The relative simplicity of the four basic environmental sensors belies the difficulty in designing them for the real world. The challenges that Culler and his students faced in creating the wireless sensors were staggering. They were a completely new paradigm of computing. Their small size limited their computing power, data storage, and power availability. "That austere set of requirements is actually very stimulating," says Culler, "because you have to tackle some hard problems. Loss of data and devices are common, and you always have to deal with uncertainty and noise." Those hurdles, however, were surmounted in relatively short order. Within a few years, Culler's lab had a working hardware prototype and a new operating system, TinyOS, both of which were made open-source to allow anyone to help smooth out the kinks. Now, years later, parts for motes are commercially available and Culler is the consumer, taking both parts and software off the shelf to build the HydroWatch sensors. Each mote operates on an industry standard wireless communication protocol similar to Wi-Fi. Central towers on site collect the motes' chatter and funnel it to the Internet. A standard database then records the changes in solar radiation, temperature, and humidity at each node. Think of the collected data like the New York Stock Exchange for microclimatic conditions. Values for each measured variable constantly change––like stocks in active trading. Hundreds of thousands of data points are generated each day. The total amount of data is simply staggering. And collecting it is only half the story.

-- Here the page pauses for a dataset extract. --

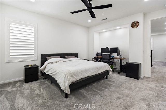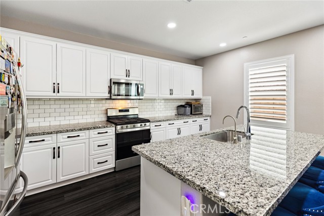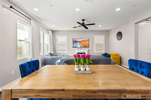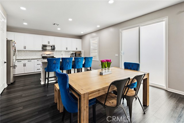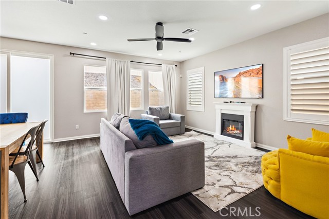 Welcome to your dream home in the exclusive Guard Gated Community of Terramor! This stunning 4-bedroom, 3-bathroom, 2-story residence boasts a perfect blend of elegance and comfort, offering a luxurious lifestyle in a secure and serene environment. As you step inside, you'll be greeted by an inviting open floor plan flooded with natural light, creating a warm and welcoming atmosphere. The interior is adorned with stylish plantation shutters throughout, adding a touch of sophistication to each room. The heart of the home is undoubtedly the beautifully upgraded kitchen. Adorned with subway tile backsplash, granite countertops, stainless steel appliances, and a generously sized kitchen island with a sink, ample storage and bar-top seating- this space is a chef's delight! The kitchen seamlessly flows into an additional dining area and an elegant living room featuring a cozy gas fireplace, perfect for intimate gatherings and relaxation. One of the unique features of this home is a convenient downstairs bedroom with a 3/4 bathroom, providing flexibility for guests or as a home office. Upstairs, you'll discover a spacious loft, a secondary full bathroom, laundry room, two generously sized secondary bedrooms and primary bedroom. The primary bedroom is a true retreat, complete with a walk-in closet, an office nook, and a private bathroom featuring a soaking tub, separate shower, and a double vanity. The outdoor space offers ample room for activities or relaxation. The combination of hardscaping and an astroturf lawn creates a low-maintenance oasis for your enjoyment. This property is not just a home; it's a part of a vibrant community. Residents have exclusive access to the "Veranda" clubhouse and pool recreation area, a recreation park, a dog park, a community garden, kids play area, and scenic walking trails. Convenience is at your doorstep, with proximity to stores, schools, and easy freeway access. One notable feature of this home is its solar power system, providing eco-friendly energy. The property includes a spacious 2-car garage with EV charging hookups and a solar power system with a lease, offering an eco-friendly and cost-effective energy solution. Don't miss the opportunity to make this exceptional property your new home. Experience luxury, security, and community living at its finest! Virtual Tour Available, see matterport link below ! https://my.matterport.com/show/?m=Djs1GUgBvZg&mls=1

If a tree transpires in the forest...
Once the data have been recorded, making sense of the millions of data points requires careful analysis. Fortunately for the HydroWatch Center, Culler and another HydroWatch principal investigator have already experienced this data overload firsthand. Five years ago, he and Todd Dawson, a professor in the Department of Integrative Biology, collaborated on a similar project, albeit smaller in scale. Their goal was to describe the atmosphere immediately surrounding a single redwood tree, a seemingly simple goal that turned out to be far more complex than either of them imagined.

Dawson's research is focused on the question of how plants interact with and influence their climatic surroundings. One of the plants he studies is the coast redwood, Sequoia sempervirens. As the tallest tree in the world, redwoods are both slaves to and masters over the microclimate that surrounds them. They constantly lose massive amounts of water, possibly dozens of gallons a day, through transpiration; this loss, in turn, creates a negative feedback loop that raises the surrounding humidity, lowers the temperature, and slows further loss. This fine level of control is fantastically dynamic, making Sequoia sempervirens a perfect test for environmental monitoring via wireless sensor networks.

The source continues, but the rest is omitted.